An Oklahoma woman was advised to have a routine Pap smear for cancer of the uterus; however, she did not follow-up, and the doctor said nothing more about it.  She did not have the test.  She later developed incurable cancer and sued the doctor for failure to warn her.  At that time, Oklahoma used the reasonable patient (lay) standard, and the court found the doctor was negligent, because he had failed to advise her of all the material risks of her refusal.  The ease and simplicity of the test, and the serious risk of death from cancer, made a warning and follow-up mandatory.

Unusual or Experimental Treatments

All unusual or experimental treatments come under the reasonable patient standard in almost every state.  The doctor must tell you everything that is known about it, including the most remote possibilities of any bad reaction, before subjecting you to anything that is not approved by the federal government or generally accepted by the medical profession.  This is true also of treatments like sterilization or x-ray therapy, which can have permanent effects on your life or cause serious complications years later.

In the 1950’s a sleeping pill called Thalidomide was developed in Germany.  It was never approved by the U.S. Food and Drug Administration, but some doctors brought it into the country and gave it to their patients.  It was later discovered that if taken by pregnant women, it caused children to be born without arms and legs.  Many lawsuits resulted with significant damages awarded.  In all of the cases, the doctors, who had given the drug, were held to the reasonable patient (lay) standard in failing to warn that it was an experimental drug.

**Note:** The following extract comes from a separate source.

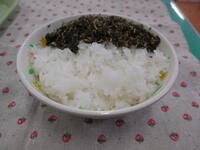 今日のご飯は、26日火曜日稲刈り体験の日に、「日光棚田活性会」の皆様からいただいた新米です。「日本棚田百選」の一つにも選ばれている日光の棚田で作られているお米。田植えから稲刈り、脱穀まで全て手作業のお米です。きれいな沢の水で美味しく育ち、今年は豊作だとおっしゃっていました。そのおいしさ、手作りふりかけで何杯もおかわりしたくなるおいしさです。

Who is Responsible for Informing You?

If you file a medical malpractice lawsuit and complain that you did not sign an informed consent, you may find yourself getting a “fast shuffle” with the doctors, the residents, and the hospital, each blaming someone else.  The rule is that each doctor is personally responsible for informing you about what he is going to do and obtaining your informed consent.  He does not have to do it himself, but if he sends a resident or a nurse or anyone else, he is still responsible for what that person tells you.

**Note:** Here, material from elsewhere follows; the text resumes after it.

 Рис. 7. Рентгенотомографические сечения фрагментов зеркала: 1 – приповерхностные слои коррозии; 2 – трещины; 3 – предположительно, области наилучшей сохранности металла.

If the doctor obtains your consent himself, he should sign it himself.  If someone else does it for him, he accepts responsibility when he countersigns it.  If he does not, both he and the person who obtained it are responsible.  If that person is a hospital employee, the hospital is also responsible.

The Rule Is:
The doctor who actually works on you is ultimately responsible for telling you what he is going to do and obtaining your informed consent, regardless of who actually gets it.

Which Standard Applies in Your State?

The laws in all states are complicated, and there are many exceptions to the general rules.  Only your lawyer can give you a reliable opinion as to which standard applies in your case.